大きなアイスラオコーヒーが入ったカップを片手に宿に戻り、廊下に置いてある椅子でぼーっとしていると白黒ぶちの猫がやって来て足元にまとわりつき撫でろと催促してきた。かわいいやっちゃなお前さんはと一通り全身を撫で回し部屋に戻る。ごろごろしていたら時間はどんどん過ぎていく。このまま日が暮れてしまうのはさすがに勿体無いと散歩に出ることにした。

バンビエンは小さな町なので中心部だけならおそらく半日もかからずに一回り出来てしまうだろう。路地に入り込みつつ大通りを北から南に歩いていると普段吸っている黄色い煙草が3000KIPで売っているのを発見。ヴィエンチャンでは3000KIPだったのにこちらに来てから5000KIPで売っているところしかなかったので思わずカートンで買ったら割引まであった。

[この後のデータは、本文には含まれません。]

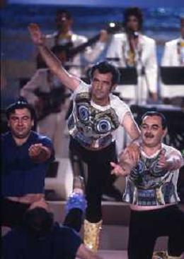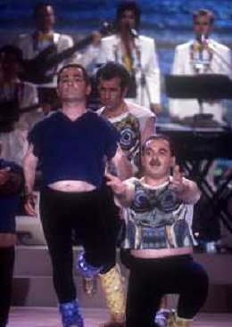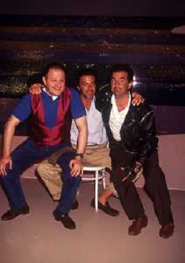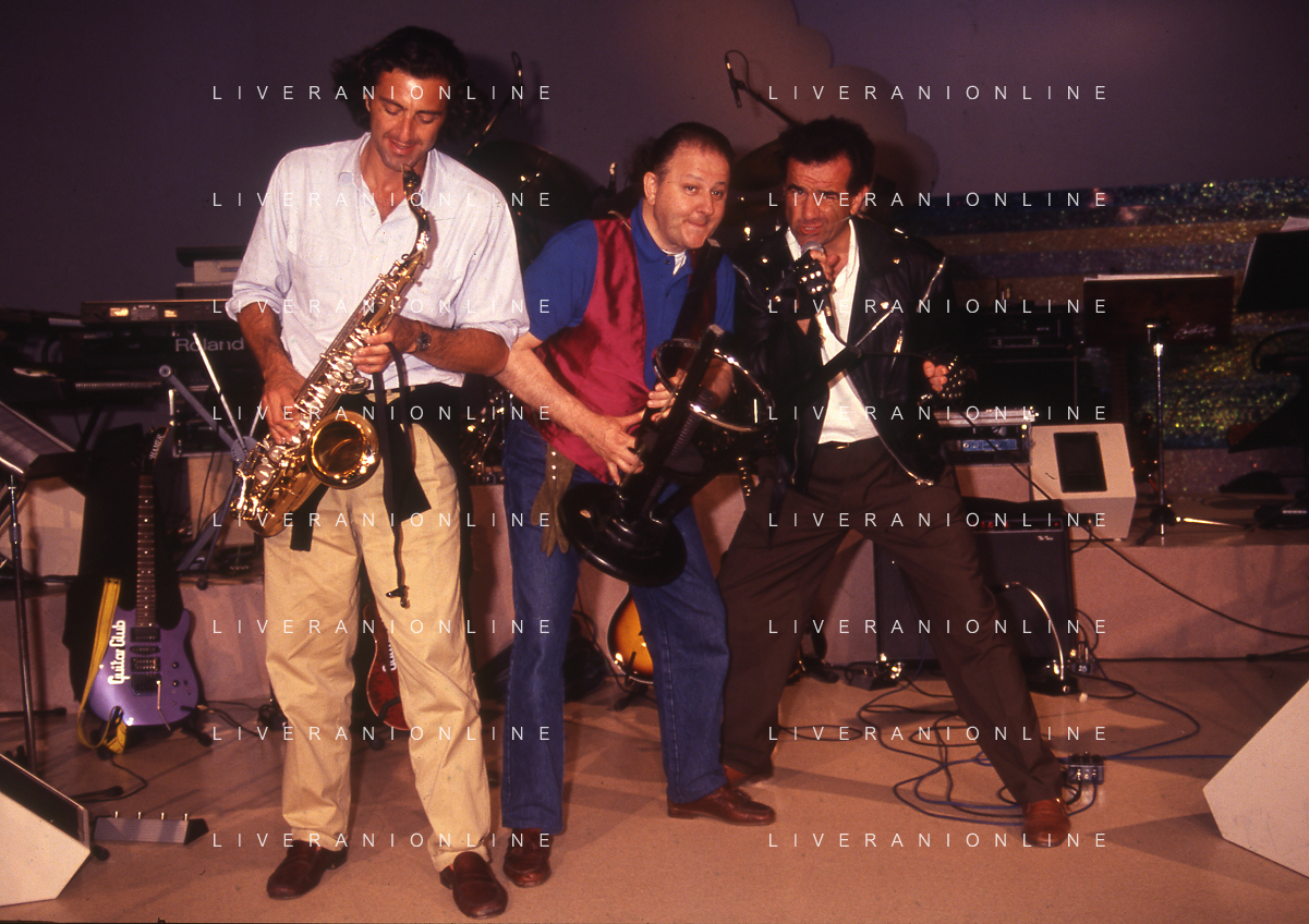 RETROSPETTIVA GENE GNOCCHI ATTORE E COMICO NELLA FOTO GENE GNOCCHI NELL'ANNO 1991 NELLA TRASMISSIONE TELEVISIVA “SAPORE DI SALE“ CON MASSIMO BOLDI LUCA BARBARESCHI AG ALDO LIVERANI SAS

バギーをレンタルしている旅行者がマリオカートみたいに颯爽と駆けていくのに見とれていたら近くにツーリスト・インフォメーションの看板を発見。なんとなく中に入ってみると欧米系の年配の夫婦が宿を探していて、中心部は騒がしいからリバーサイドとかにないの?と話している。おれ今泊まってるとこ静かで設備も悪くないよ、名前にバックパッカーって付いてるけど中身は中級ホテルでっせお二人さんと伝えると悪くない反応。

夫婦が出て行った後自分も特に用が無かったので外に出るとさっきまでカウンターの中にいた年配の白人男性が追いかけてきた。ありがとう助かったわと礼を言われ、彼はスタッフではなく英語にラオ語、タイ語など様々な言葉に堪能でたまたま手伝っていた旅行者だった。ここらへんの中心部はうるさいけどバイクで20分も走ってみ、別世界になるよと言われそのうちバイクを借りて走ってみたくなる。

炎天下をしばらく歩いているとラオビールの文字を見ただけで喉が鳴るようになり、1本単位で売っている屋台のBBQを買って奥の食堂に上がり込み至福の時間。昼間っからビールってなんて素敵なんだろうか。さっきBBQを焼いてくれた女の子が椅子に座りかぶっていた帽子を脱いで暑そうに扇いでいる。そりゃそうだ、こんな暑い中ずっと火の前にいるんだもの。やってらんないわーという表情に大変だねと表情で返すと女の子は立ち上がりまた串を回し始め、その背中を眺めつつこちらもまたラオビールの瓶を傾け続けた。